Many people have come to repentance in all these misfortunes over the centuries, but we have never managed to convert the whole world or even the majority of it. The message of repentance is not a bestseller; there is tremendous resistance to the Gospel, even though it be Good News.

People often prefer to remain in darkness and misery than change what they know.

For our part we never let up on praying for conversion of sinners and imploring God’s mercy on the world.

We deserve to be wiped out many times over by now, but still in His mercy and patience He gives us more time to get things right.

We thank Him for the time but we also gently remind Him that He has promised to come again and wind everything up!

We must not let the disintegration of moral values around us in any way loosen our own desire for holiness of life, nor of its absolute necessity.

The temptation is that when we see others relaxing their moral grip and giving way to things that they would have once been appalled by – the temptation is to join them; throw off the yoke of obedience we have been carrying for years and join the ‘progress’ to the new ways.

We must hold firm and thus be light in the darkness for others to see; a voice in the wilderness for them to hear. We are the leaven in the bread, the mustard seed that will expand to cover the whole world.

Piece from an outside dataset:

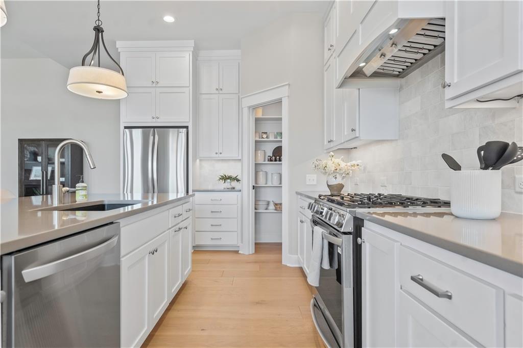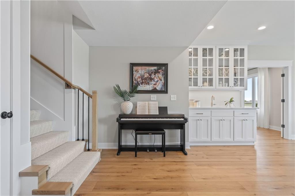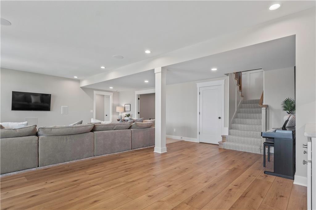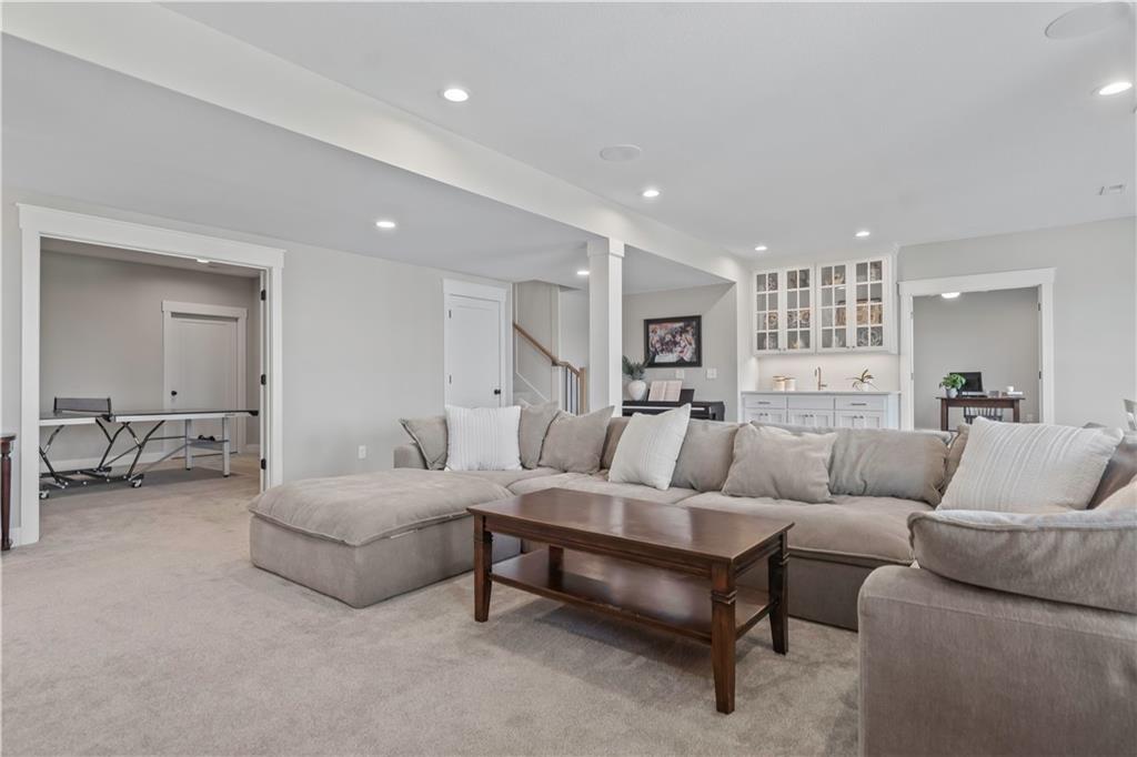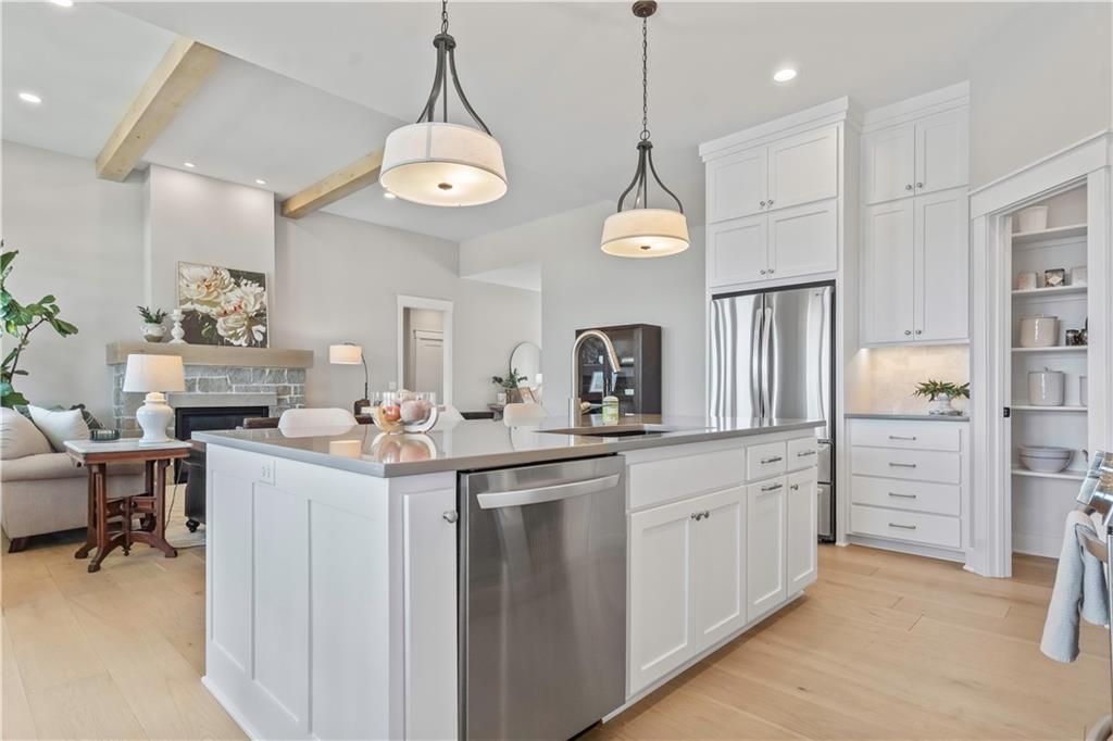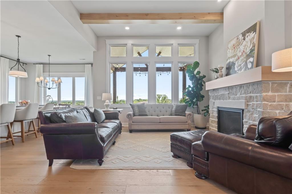 Your 2023 custom-built dream home has it all—5+ bedrooms, an office (or two), a game room, and a flex space that bends to your lifestyle as a formal dining, sitting room or office on main level. The heart of the home beats on the main level, with the laundry tucked neatly and quietly in the basement—freeing up space for an open, airy layout you’ll actually live in. The kitchen steals the show with LG appliances, quartz island, and gas cooktop, flowing into a vaulted great room with wood beams, stone fireplace, and all the natural light. The primary suite is a true retreat with soaking tub, quartz vanities, walk-in shower, and walk-in closet. Head downstairs for the fun stuff: a bright walkout rec room, wet bar, game room, covered patio, two more bedrooms and a full bath and a bonus flex space with laundry closet and storage access. All this in Bristol Highlands—near golf, trails, lakes, Lenexa City Center, and highway access. High style, low stress, and priced smart! This home will impress you!!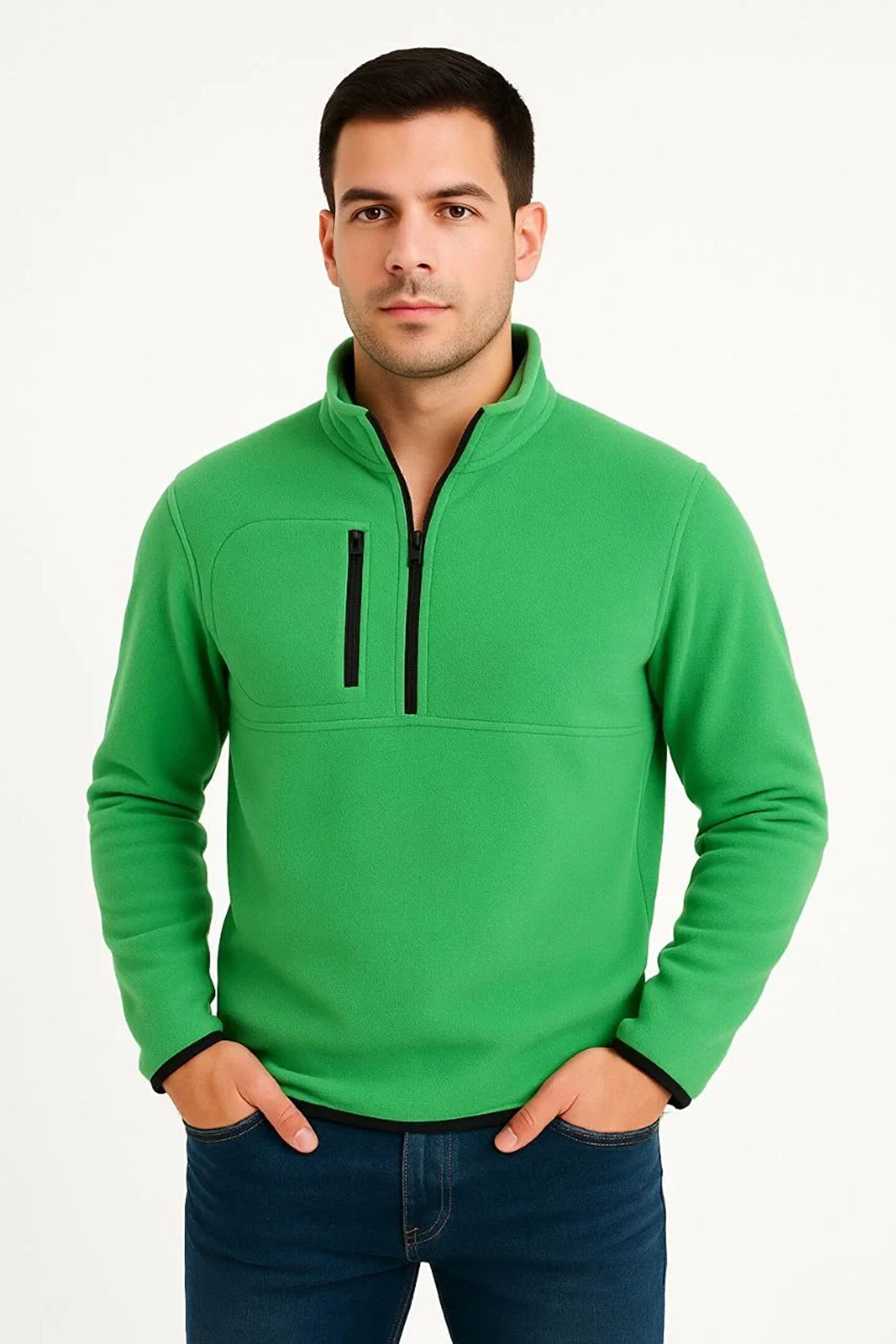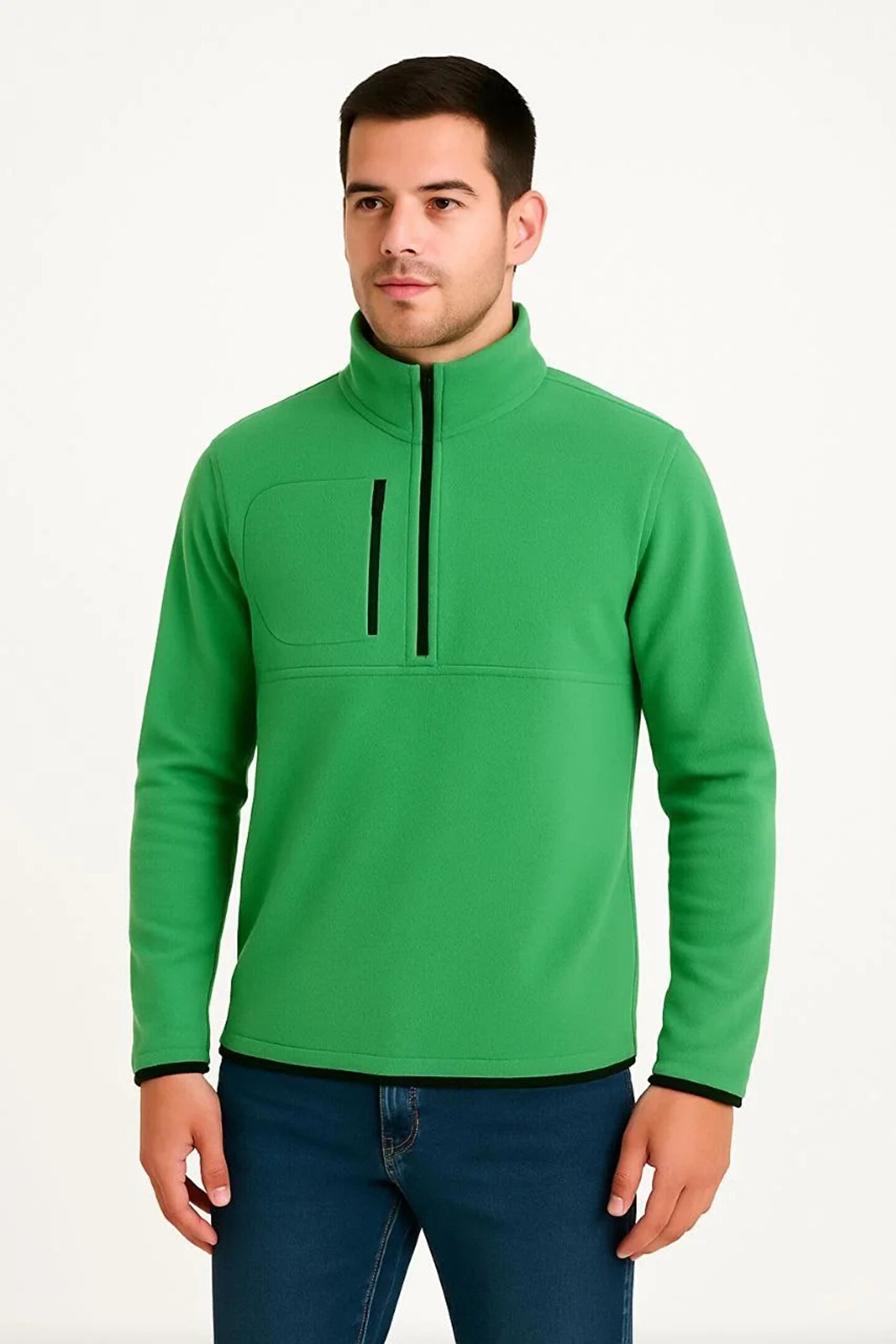 Erkek Polar Kazak – Dik Yaka, Yarım Fermuarlı, Fermuarlı Göğüs Cepli, Siyah Biyeli, Kışlık Rahat Regular Fit Günlük Model - Yeşil

Confronted with bad news some will turn to the pursuit of more pleasure. Turn up the sound to drown out the unpleasant reality.

It is better to face reality head-on. It is the only way to discover the truth. If we read the signs of the times, realized our total absolute need for God and turn to Him at every opportunity then we have peace of mind, and we will pull back from the brink.

Can it get any worse? Yes, but it can also get better. We must make it so.